### Required work
Transcribe exactly, leaving out pictures, the lines from the one that holds "Titan Aviation Leasing" through the end of the data below, including both end lines and no others.

### Dataset extract
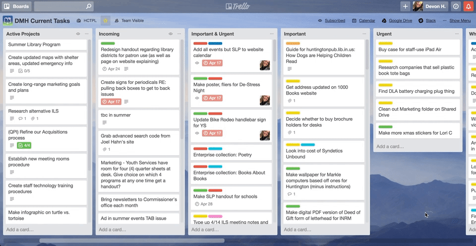 › software › trelloTrello | Atlassian From startups to Fortune 500 companies, Trello is the visual way for teams to collaborate on any project Information at a glance See the big picture, or dive into the details, all on one Trello board. Everyone knows the status of tasks as cards move across lists to Done. Organize the essential info from all your apps with Power-Ups. Trello: Manage Team Projects - Apps on Google Play VerkkoTrello helps teams move work forward. Trello is the flexible work management tool that empowers all teams to plan, track, and accomplish their work, their way. Whether you’re planning a website... How Trello labels can organize, categorize, and prioritize cards Get Trello from the Microsoft Store VerkkoLIFEHACKER With Trello you can: • Create boards to organize anything you're working on • Use them solo or invite coworkers, friends and family to collaborate • Customize workflows for different projects • Add checklists of "To-Dos" on cards • Assign tasks to yourself and coworkers • Comment on items with your friends • Upload photos and …
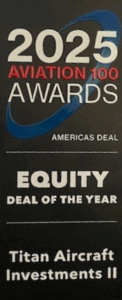 Titan Aviation Leasing (“Titan”) has been recognized with the 2025 Aviation 100 “Equity Deal of the Year” award for its Titan Aircraft Investments II platform—an achievement that underscores the company’s growing leadership and innovation in the global aircraft leasing and finance market.
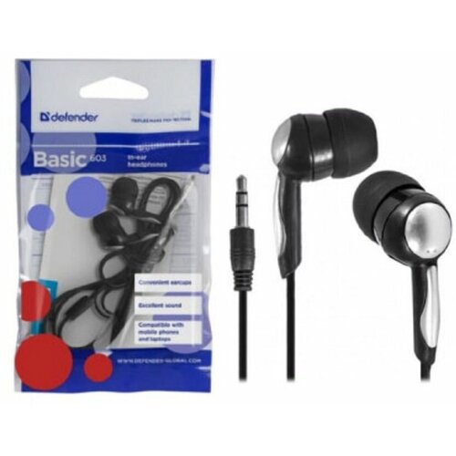 Наушники Defender Basic 633, вкладыши, черные(В наборе1шт.) черный

### Solution to this problem
 Titan Aviation Leasing (“Titan”) has been recognized with the 2025 Aviation 100 “Equity Deal of the Year” award for its Titan Aircraft Investments II platform—an achievement that underscores the company’s growing leadership and innovation in the global aircraft leasing and finance market.
 Наушники Defender Basic 633, вкладыши, черные(В наборе1шт.) черный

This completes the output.